Subscription limits are part of your Claude Pro or Max plan, apply across a rolling 5-hour window, are shared between Claude.ai and Claude Code, and produce a conversational "usage limit reached" message. API rate limits are tied to your organization's spend tier ($5 to $400+ in cumulative purchases), measured in RPM/ITPM/OTPM per minute, return HTTP 429 with structured headers, and apply only to direct API calls. The two systems are completely independent — you can exhaust one while having full capacity on the other. Think of subscription limits as a monthly gym membership with a visitor cap, and API limits as a pay-per-use facility with a speed limit on how fast you can enter.
Does clearing conversation history help with rate limits?
For future requests, yes — clearing history with /clear reduces the token footprint of subsequent interactions because less context is bundled into each API call.
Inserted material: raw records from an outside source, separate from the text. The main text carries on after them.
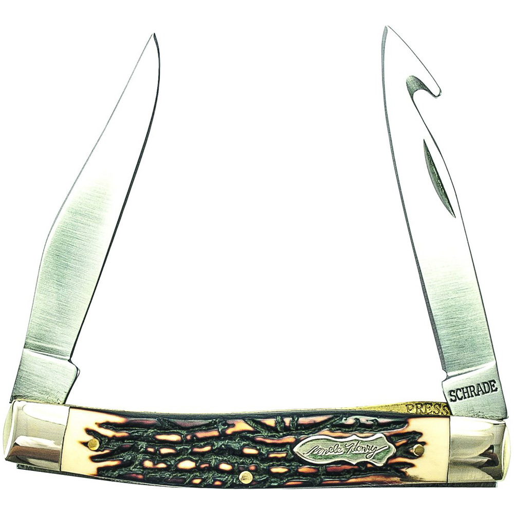 Schrade Uncle Henry Pro Skinner 2 Blade Muskrat Knife with Clip Point and Clip Point with Gut Hook Blades
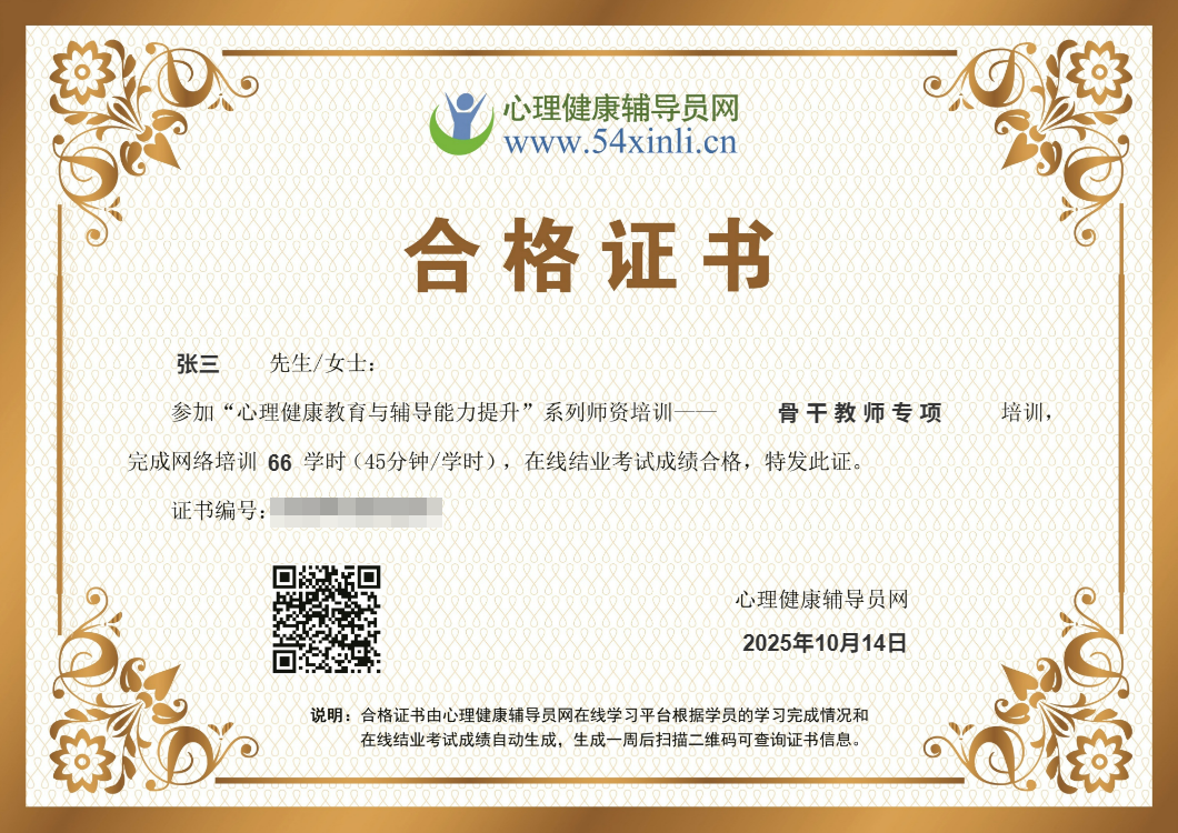 2.培训目标:重点提升中小学骨干教师对学生一般心理问题的评估与干预能力,熟练掌握个体与团体心理辅导基本技能,将学生心理问题解决在萌芽阶段,打造学校心理健康工作的中坚力量。
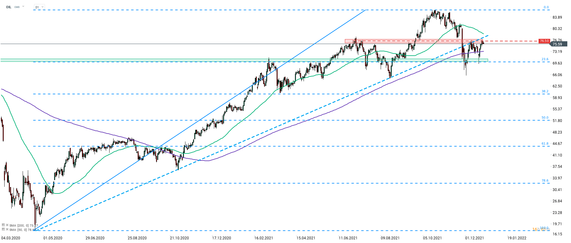 Oil is pulling back slightly following a Christmas weekend that saw many US flights cancelled due to Omicron. Brent (OIL) pulls back from the $76.50 resistance area that serves as upper limit of trading range. Lower limit can be found in the $70 area. Source: xStation5
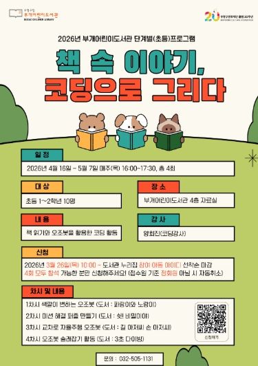 먼저, 초등 저학년을 대상으로 하는 ‘책 속 이야기, 코딩으로 그리다’ 프로그램은 4월 16일부터 5월 7일까지 매주 목요일 오후 4시, 총 4회 운영된다. 그림책을 함께 읽고 초소형 교육용 로봇(오조봇, Ozobot)을 활용한 코딩 체험을 통해 문제해결 능력과 창의력을 기를 수 있도록 기획됐다.
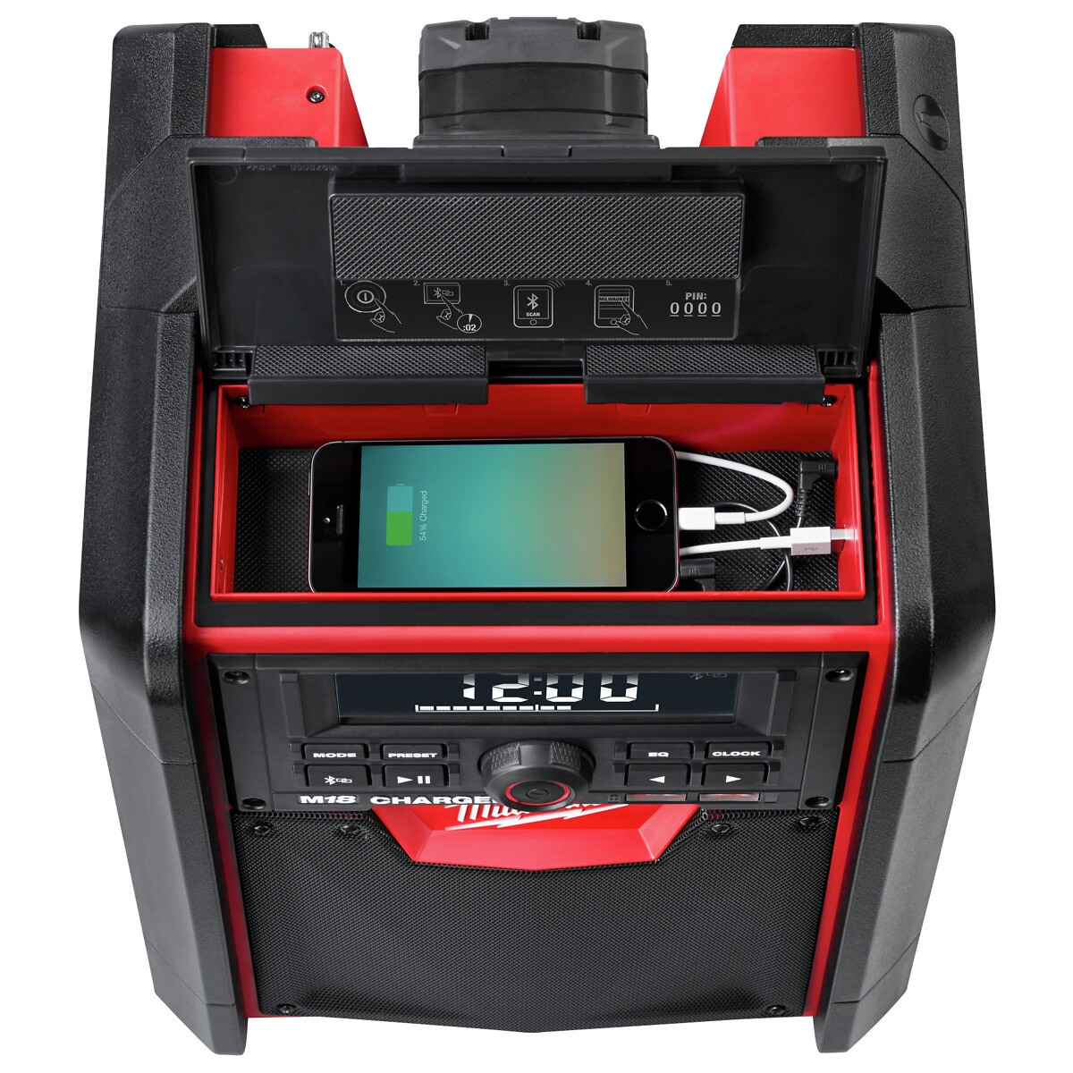 - Inbyggd laddare för snabb och bekväm laddning av samtliga M18-batterier
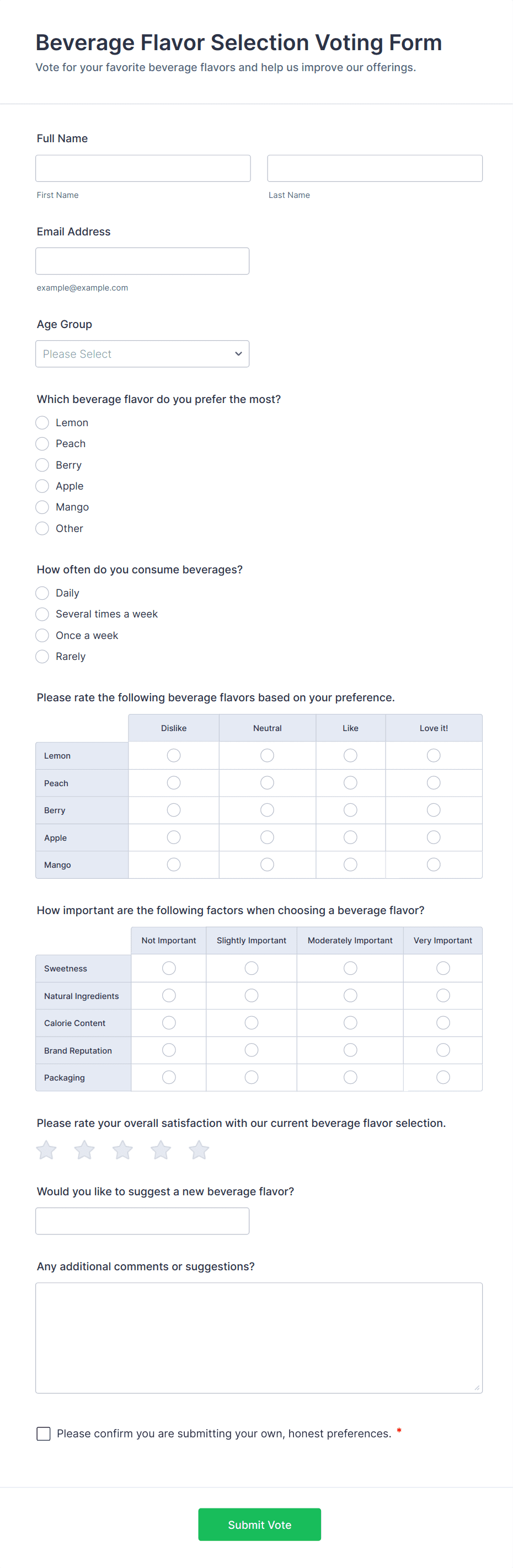 Voting forms are digital tools designed to collect, organize, and analyze votes or preferences from a group of participants. They are commonly used for elections, polls, surveys, award nominations, event planning, and decision-making processes in organizations, schools, clubs, and communities. Voting forms streamline the process of gathering input, whether it’s for selecting a new team leader, choosing a favorite project, or making group decisions efficiently. Their versatility makes them suitable for both formal elections and informal opinion polls, ensuring that every participant’s voice is heard and recorded accurately.

However, it does not retroactively restore quota that was already consumed. The tokens used in previous exchanges have already been counted against your limits. Clearing history is a prevention strategy rather than a retroactive fix. That said, the impact can be substantial: a conversation with 50 back-and-forth exchanges might carry 100,000+ tokens of history in every subsequent request. Clearing that history and starting fresh can reduce per-request token consumption by 80% or more, which directly translates to slower quota depletion going forward.
Can I use a different API endpoint to avoid limits?
Yes. Setting ANTHROPIC_BASE_URL to a third-party routing service redirects Claude Code's API calls through an alternative endpoint with different rate limit policies. Services like laozhang.ai pool capacity across multiple API organizations, which effectively provides higher per-minute throughput than an individual Tier 1 or Tier 2 account. The trade-off is that you pay per token consumed rather than having a fixed monthly quota. This approach is particularly valuable for developers who experience extreme day-to-day usage variance — some days zero usage, other days twelve-hour marathon sessions — because a pay-per-token model aligns costs with actual consumption rather than requiring subscription headroom for peak days.
How long does a rate limit reset take?
For subscription quotas, the 5-hour rolling window means your capacity gradually returns as older interactions age out — you do not need to wait the full five hours. In practice, most users find that 30 to 60 minutes of inactivity frees enough quota for several more interactions, and lighter models recover quota faster since they consumed less in the first place. For API rate limits, the token bucket refills continuously. The retry-after header on 429 responses tells you exactly how many seconds to wait, typically ranging from 1 to 60 seconds depending on how far you exceeded the limit. Acceleration limits (triggered by sudden usage spikes) may require longer cooldown periods of several minutes.
Is there a way to check my current usage before hitting the limit?
For API usage, inspect the response headers on every successful request — anthropic-ratelimit-requests-remaining, anthropic-ratelimit-input-tokens-remaining, and anthropic-ratelimit-output-tokens-remaining tell you exactly how much capacity remains. The Claude Console's Usage page provides historical charts showing your peak consumption rates alongside your rate limit ceiling, which helps you understand patterns and plan for capacity needs. For subscription quotas, the Claude.ai web interface displays a usage indicator, though it updates less frequently than the API headers. Some developers build lightweight monitoring scripts that log these header values after every API call, creating an early-warning system that alerts them when remaining capacity drops below 20% of the limit.